STZ has been reported to generate robust production of nitric oxide and hydroxyl radicals or ROS [29], leading to inflammation and apoptosis of β-cells in the pancreas and thereby mimicking autoimmune diabetes. Moreover, at high concentrations, acute toxicity in extrapancreatic organs such as the liver has been reported [30]. Oral administration of AG to diabetic rats effectively recovered fasting blood glucose and serum GOT/GPT levels. These results suggest that AG has a protective effect against oxidative stress in STZ-induced diabetic rats.

In contrast, acertannin (3), the main crystalline tannin of AG, did not show significant antidiabetic activity. Consistent with this result, 3 and the monogalloyl- and digalloyl-substituted tannins (1, 2, and 4) did not have any effect on NO production in LPS-stimulated RAW264.7 cells.

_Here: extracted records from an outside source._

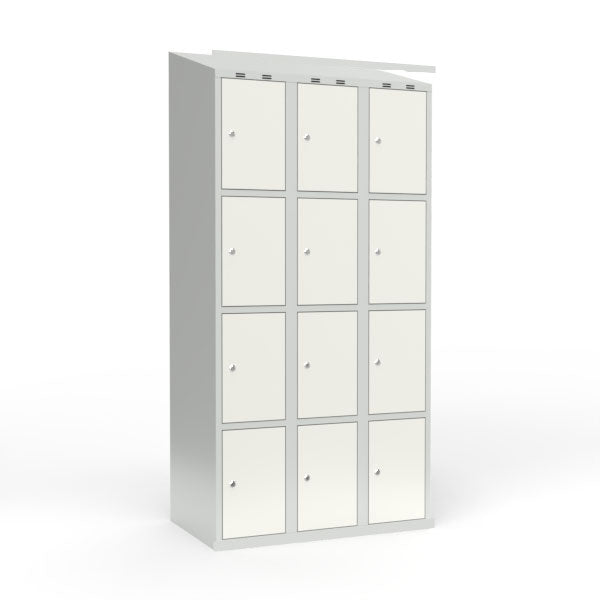 Skoleskab 3x300 Skråt tag 4 rum i højden Hvid ståldør Cylinderlås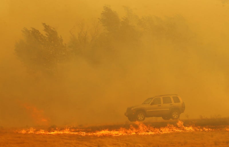 "All the scrub oak down by that lower garage caught fire and I had no choice but to jump in the truck and drive through the flames," Bauter said.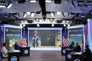 أصدر الرئيس جو بايدن أول صورة ملونة كاملة من تلسكوب جيمس وب الفضائي التابع لوكالة ناسا في 11 يوليو، خلال حدث عام في البيت الأبيض في واشنطن. تُظهر هذه الصورة الأولى القدرات القوية لبعثة وب، وهي شراكة مع وكالة الفضاء الأوروپية (ESA) ووكالة الفضاء الكندية (CSA).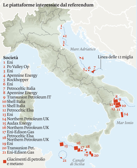 In sostanza, chi vota Sì al referendum si oppone al fatto che le concessioni entro le 12 miglia siano di durata illimitata.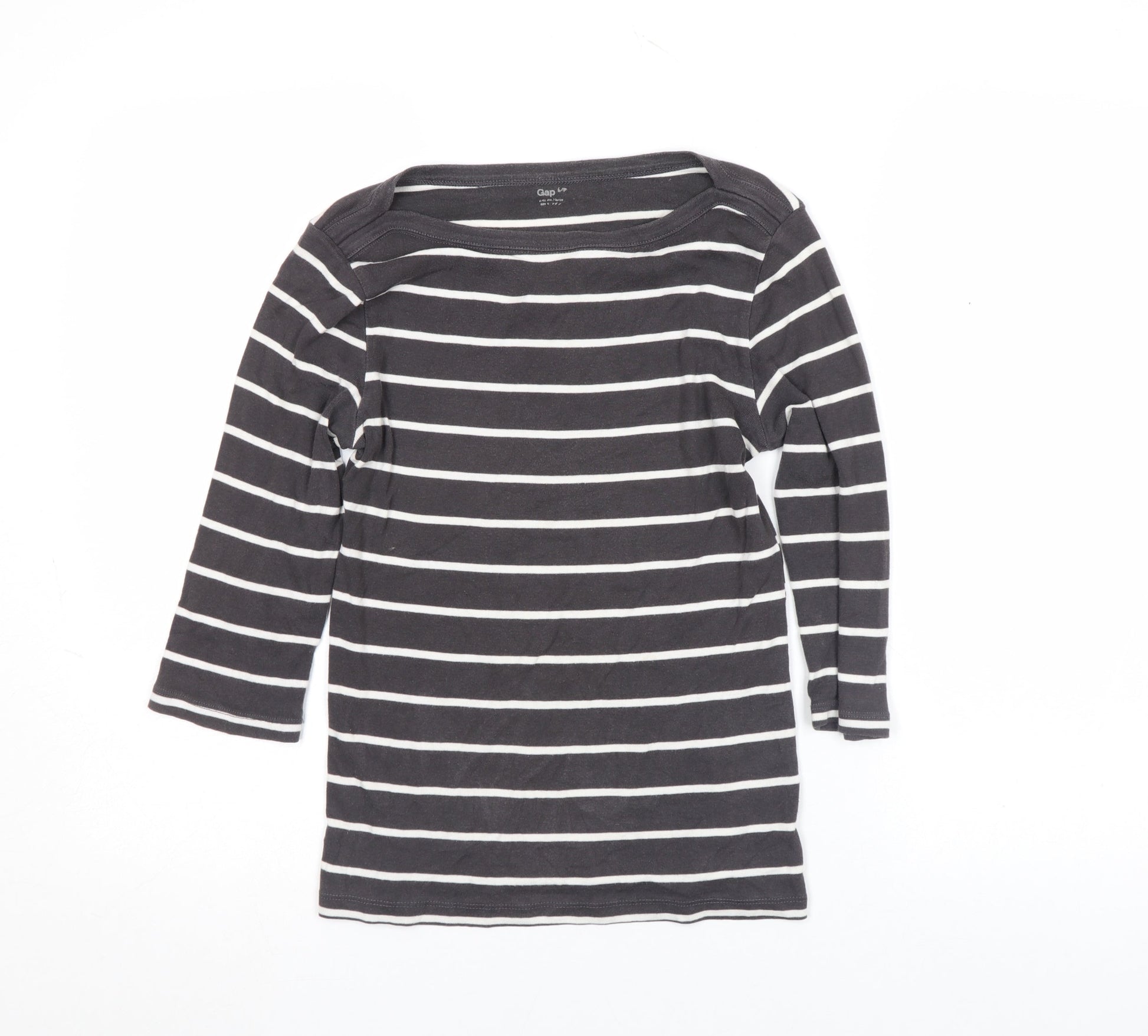 Gap Women's Black Striped 3/4 Sleeve Boat Neck Cotton T-Shirt S Petite

α-Glucosidase secreted from intestinal chorionic epithelium is a carbohydrate hydrolase. α-Glucosidase (EC 3.2.1.20) inhibitors, as a new antidiabetic drug from 1980s, slow down the process of digestion and absorption of carbohydrates by competitively blocking the glucosidase activity. A previous report [31] found that galloyl substitution (more than three substitutions at the 1,5-anhydroglucitol core) resulted in potent inhibition of α-glucosidase, with a galloyl group at C-6 being essential for this activity. In particular, the α-glucosidase inhibitory activity of 3 (IC50 = 88.42 ± 6.94 μM) was reported to be 10 times less than that of 5 (IC50 = 8.26 ± 0.37 μM) [31]. Moreover, flavonoid hydroxylation and galloylation have been reported to improve the inhibitory activity of α-glucosidase [32]. This finding suggests that oligo-galloyl-substituted acer-tannins or galloyl flavonoids from AG also directly influence glucose metabolism. Future studies will aim to elucidate the active constituents of AG and to elucidate the mechanism of action of this extract.

4. Conclusion

Chromatographic isolation of the 80% MeOH extract of Acer ginnala (AG) yielded seven galloyl derivatives: gallic acid (1), ginnalin B (2), acertannin (3), maplexin D (4), maplexin E (5), quercetin-3-O-(2′′-galloyl)-α-L-rhamnopyranoside (6), and kaempferol-3-O-(2′′-galloyl)-α-L-rhamnopyranoside (7). Compounds 3–7 exhibited particularly potent radical scavenging activities, and 5 and 7 strongly inhibited nitric oxide production in LPS-stimulated RAW264.7 cells. In addition, oral administration of AG extract (500 mg/kg b.w.) for 2 weeks resulted in significantly lower fasting blood glucose and serum GOT/GPT levels in STZ-induced experimental diabetic rats. These results suggest that the leaves of AG could be useful in the treatment of diabetes mellitus. However, identification of the active constituents of AG responsible for its antidiabetic activity will require further in vivo studies. Such studies could be designed based on reports that acertannin exhibits antidiabetic activity in vitro and in the acute glucose tolerance test in vivo.

The NMR and mass spectrum data of isolated compouds were summited in supplementary material.